• Data excerpts:
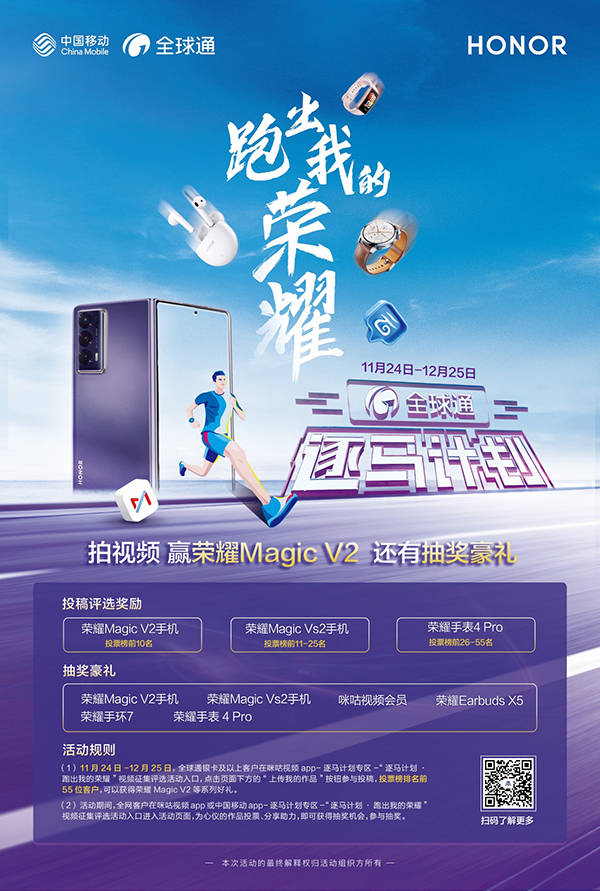 即日起至12月25日,全球通银卡及以上客户可以通过中国移动APP、咪咕视频APP进入“全球通·逐马计划”活动页面,在“跑出我的荣耀”板块参与体育运动主题的短视频投稿,投票排行榜票数前55名将获得荣耀Magic V2、荣耀Magic Vs2、荣耀手表4 Pro等好礼。用户每日参与投票、分享活动可分别获得抽奖机会,有机会抽取荣耀折叠屏手机、智能穿戴等惊喜好礼,具体细则可前往活动页面了解。
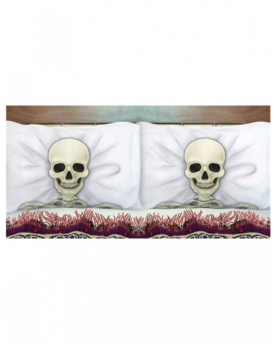 2 Kopfkissenbezüge mit Skelettaufdruck 80×50 cm für Halloween Totenkopf Kissenbezüge als lustige Schlafzimmer Dekoration für Halloween Fans Mit den Kopfkissenbezügen mit Skelettaufdruck sorgst du jetzt auch im Schlafzimmer für ein schauriges Flair. Friedlich schlummernd liegen die beiden Skelette in deinem Bett und ruhen ihren Totenkopf auf deinem Kissen aus. Hol dir die Kopfkissenbezüge mit Skelettaufdruck als witzigen Hingucker für dein Schlafzimmer. Die beiden weißen Kopfkissenbezüge sind jeweils 80 × 50 groß. Die Kissenbezüge sind aus Polyester und haben als Motiv beide ein liegendes Skelett aufgedruckt. Lieferumfang: 1 x 2 Kopfkissenbezüge mit Skelettaufdruck 80x50cm Inhalt: 2 Stück Farbe: Weiß, Beige, Schwarz Größe: ca. 80 x 50 cm Material: 100% Polyester Lustige Idee für deine Halloween-Schlafzimmerdekoration Beide Kissenbezüge haben jeweils ein Skelett-Kopf als Motiv Der Artikel ist ein Deko Zzubehör für Erwachsene und kein Spielzeug. Nicht für Kinder unter 3 Jahren geeignet. Kann Kleinteile enthalten, die verschluckt werden können – Erstickungsgefahr. Von Feuer und offenen Flammen fernhalten.
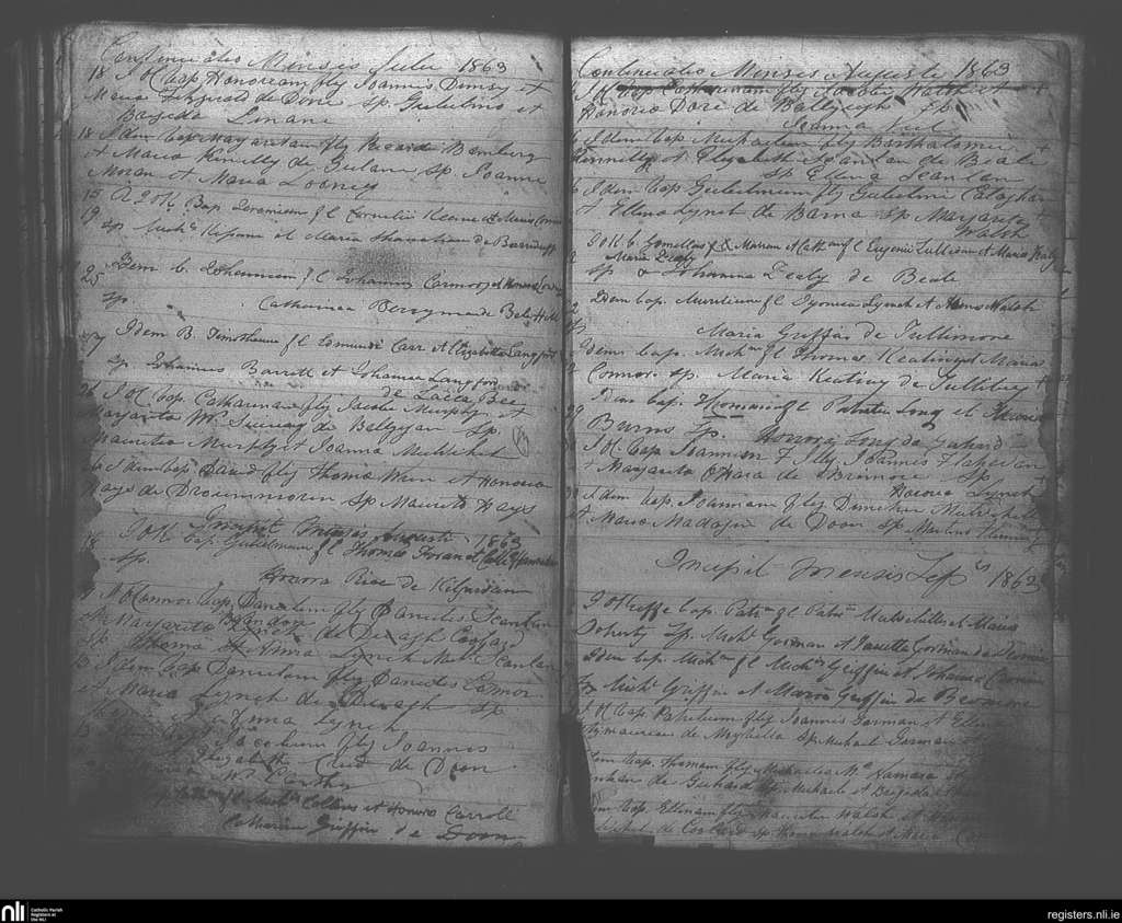 Ballybunion; County of Kerry; Diocese of Kerry. Baptisms, July 1863 to Sep. 1863
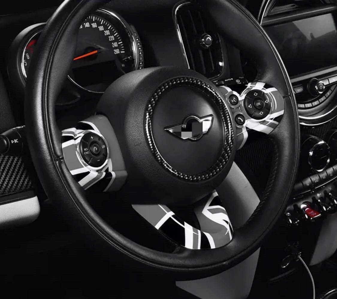 > デザイン性UP♪ ステアリング スイッチ カバー BMW MINI ブラックジャック ミニ F54 クラブマン ワン クーパー クーパーS D SDオール4
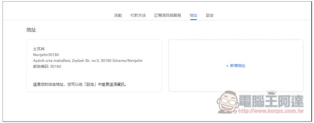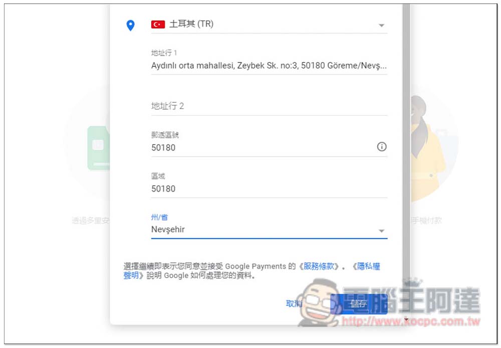 打開新增信用卡或簽帳金融卡畫面之後,建議先按一下帳單地址,把國家改成土耳其,然後在輸入上方的卡號、持卡人姓名以及帳單地址,可以輸入台灣信用卡:
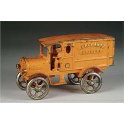 KENTON “MERCHANT’S DELIVERY” TRUCK. Charming early automotive toy, ca. 1910 featuring an early delivery vehicle with cast integral driver. Orange in color with gold highlighting and spoked nickel-plated cast iron wheels. SIZE: 6”. CONDITION: Overall very nice. JL 1-3885 (600-800)
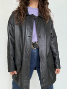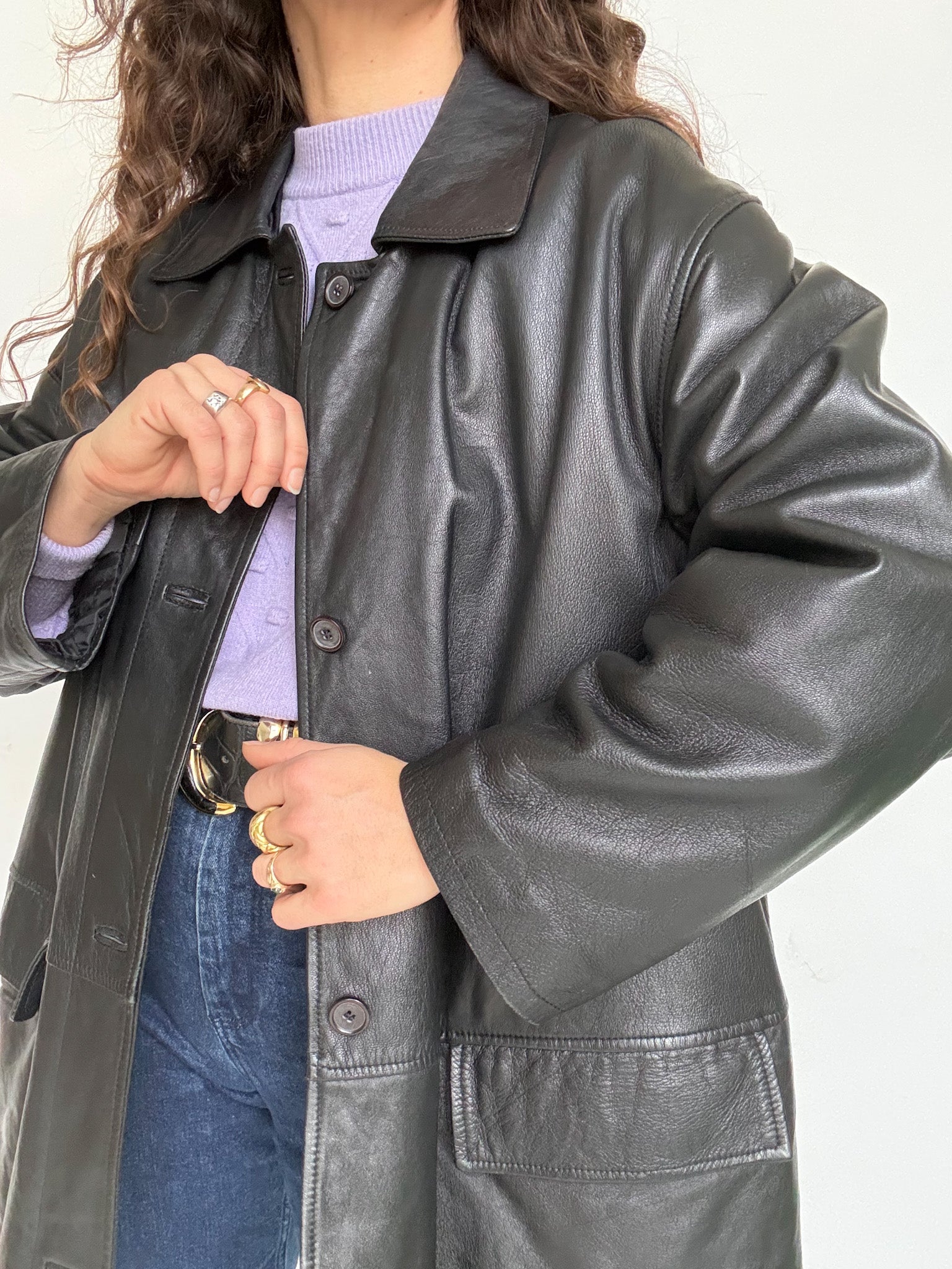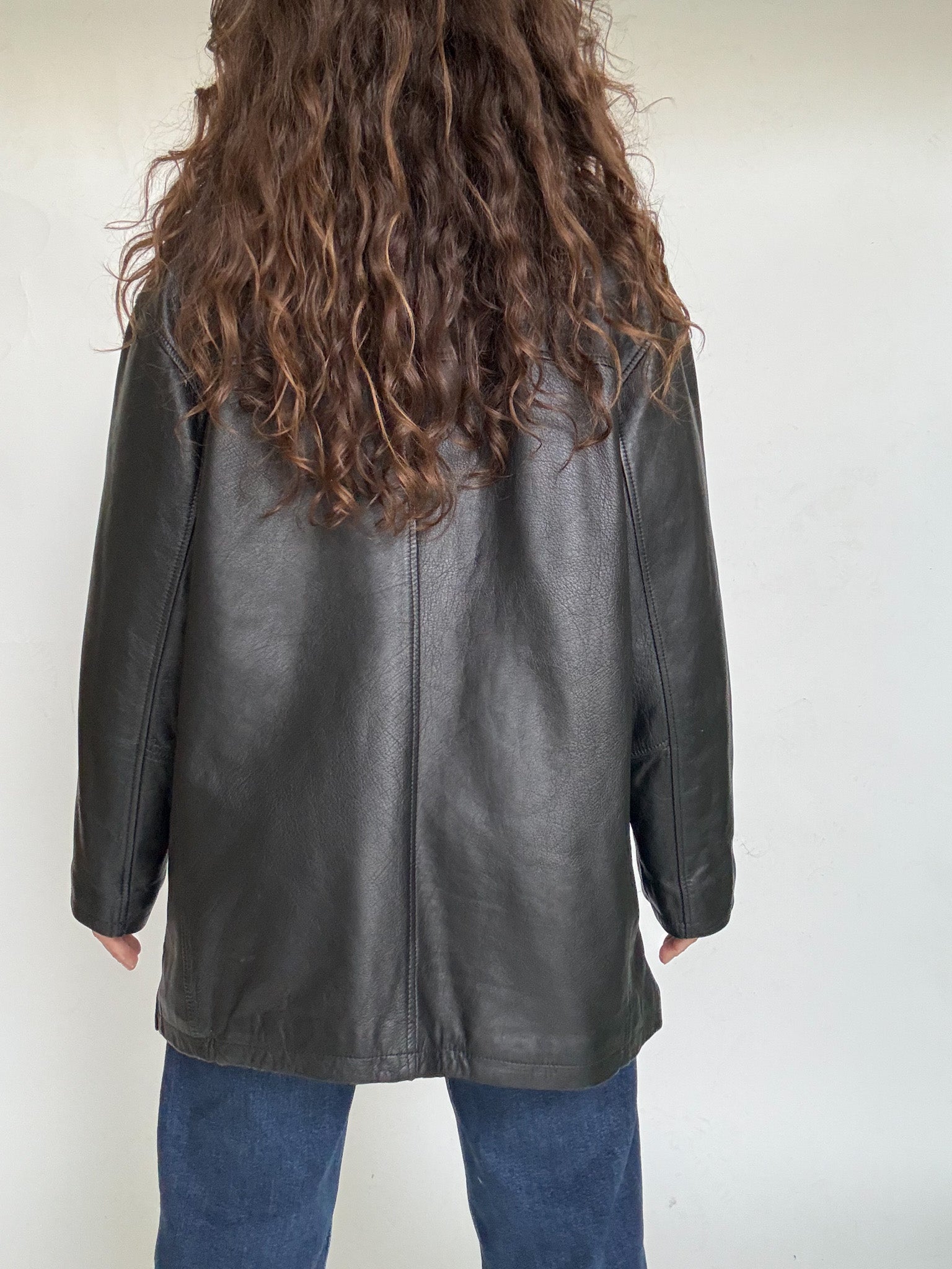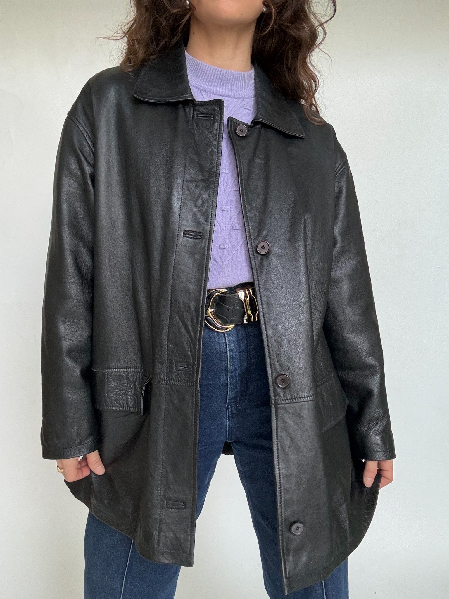 - Special features: Straight 90s cut, classic button closure, relaxed oversized potential, smooth and well preserved leather, timeless silhouette
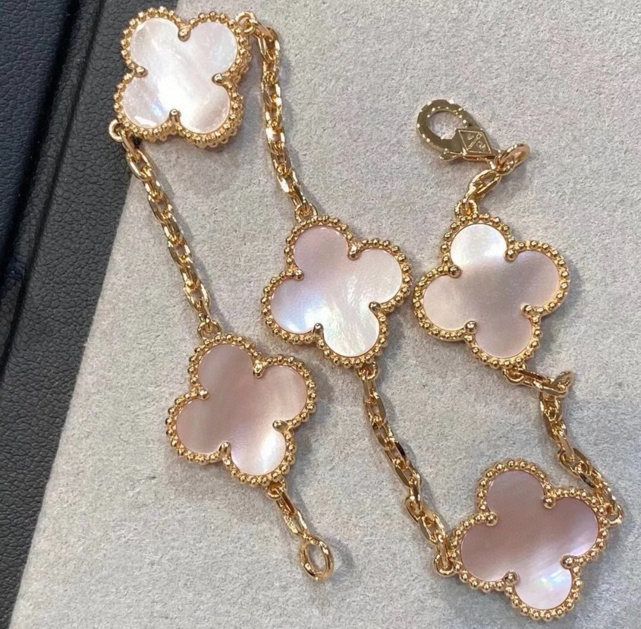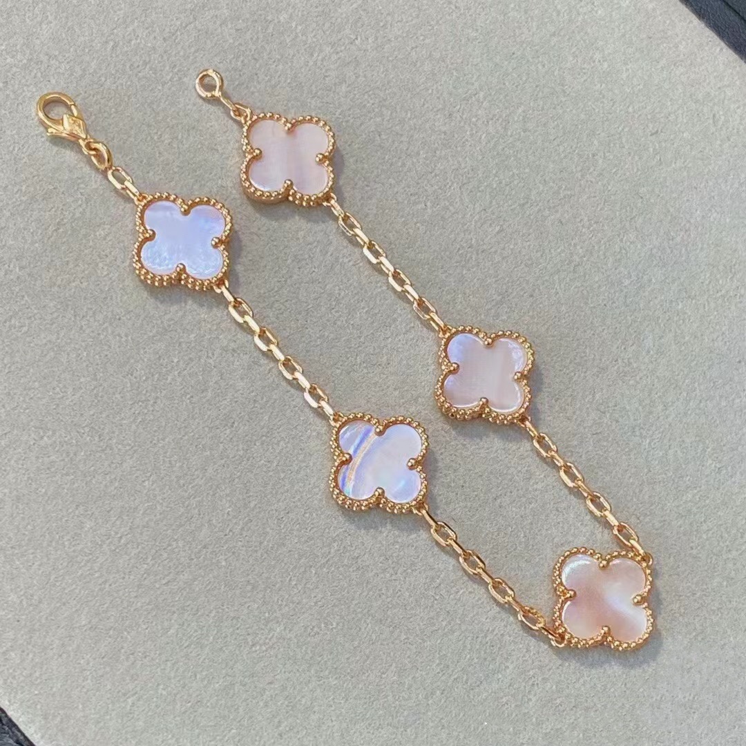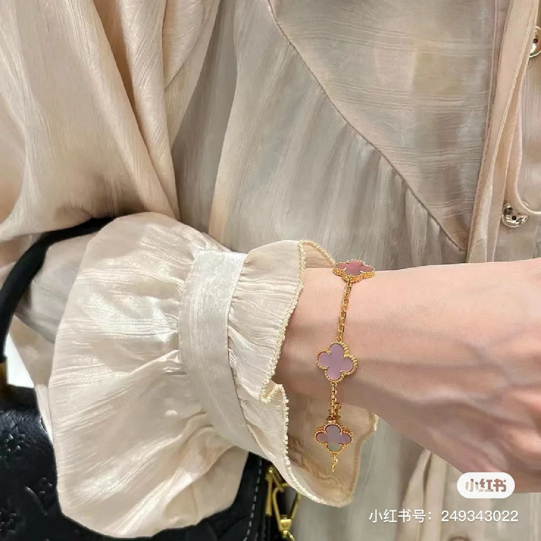 NIGO Van Cleef&Arpels Women's Fashion Five Pendant Clover Solid Color 925 Silver Bracelet Accessories #nigo71443

• YOUR GOAL: Because the copy must hold no pictures, return only the lines that run from the line containing "打開新增信用卡或簽帳金融卡畫" to the end of the data above, each exactly as it stands.

• OUTPUT OF THE EXERCISE:
 打開新增信用卡或簽帳金融卡畫面之後,建議先按一下帳單地址,把國家改成土耳其,然後在輸入上方的卡號、持卡人姓名以及帳單地址,可以輸入台灣信用卡:
 KENTON “MERCHANT’S DELIVERY” TRUCK. Charming early automotive toy, ca. 1910 featuring an early delivery vehicle with cast integral driver. Orange in color with gold highlighting and spoked nickel-plated cast iron wheels. SIZE: 6”. CONDITION: Overall very nice. JL 1-3885 (600-800)
 - Special features: Straight 90s cut, classic button closure, relaxed oversized potential, smooth and well preserved leather, timeless silhouette
 NIGO Van Cleef&Arpels Women's Fashion Five Pendant Clover Solid Color 925 Silver Bracelet Accessories #nigo71443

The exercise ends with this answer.